Qualcomm has said it aims to cut costs and jobs and might restructure itself as it delivers a fresh profit warning in the face of rising competition.
The company, best known for its smartphone chips, wants to reduce spending by $1.4bn (£900m), partly through a 15% cut in its workforce.
The US-based firm also delivered its third profit warning of the year.
Qualcomm had been under pressure from major shareholders to make changes in light of rising competition from Asia.
The cost-cutting efforts announced on Wednesday will include culling around 4,500 full-time jobs.
Qualcomm also said it may break itself up.
Shareholder Jana Partners had been pressuring the firm to separate the chip business from the more profitable patent-licensing business.
Losing market share
The company makes chips used in smartphones and tablets, especially the Snapdragon processor found in many mid- and high-end Android devices.
But it has faced increasing competition from Asian manufacturers like Taiwan’s MediaTek or smaller Chinese chipmakers.

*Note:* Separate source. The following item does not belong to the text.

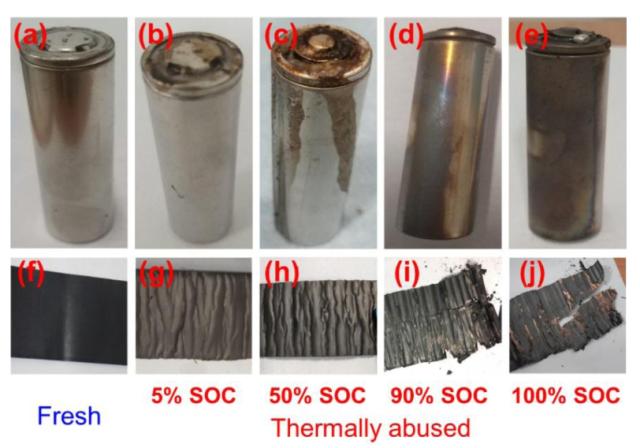 下圖為新電池和不同SoC狀態(tài)熱濫用后電池的外觀,從圖中能夠看到所有的電池都是從防爆閥泄壓,殼體并未被破壞。對于5%和50%SoC的電池能夠從上蓋處觀察到電解液泄漏的痕跡,而90%和100%SoC的電池則在上蓋處觀察到了燃燒的痕跡。對熱濫用測試后的電池進行解剖后發(fā)現,5%和50%SoC的電池的活性物質仍然牢固的粘結在集流體上,隔膜出現了嚴重的收縮,但是沒有被完全燒毀。而對于90%和100%SoC的電池在熱濫用后電極則完全被破壞,活性物質從集流體表面剝落,隔膜也被完全燒毀。
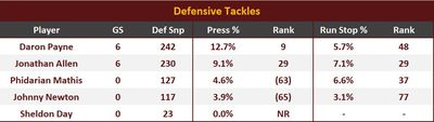 Payne ranks 9th among the top 80 iDL in pressuring the QB, with 19 pressures on 150 pass rush snaps. Jonathan Allen has been less disruptive up front, but still ranks at the 64th percentile of iDL in generating pressure. Allen also ranks 29th out of 93 iDL at stopping the run.

Smartphone giant Samsung plans to increasingly use its own processors for its future devices rather than going for the Snapdragon chip.
Qualcomm shares fell more than 20% over the past year and dropped further in Wednesday’s after hour trading.
In a weak revenue forecast, the company had to give its third profit warning of the year.
For the past quarter, the company said its net income fell by 47% with revenue down by 14%, both numbers coming in below expectations.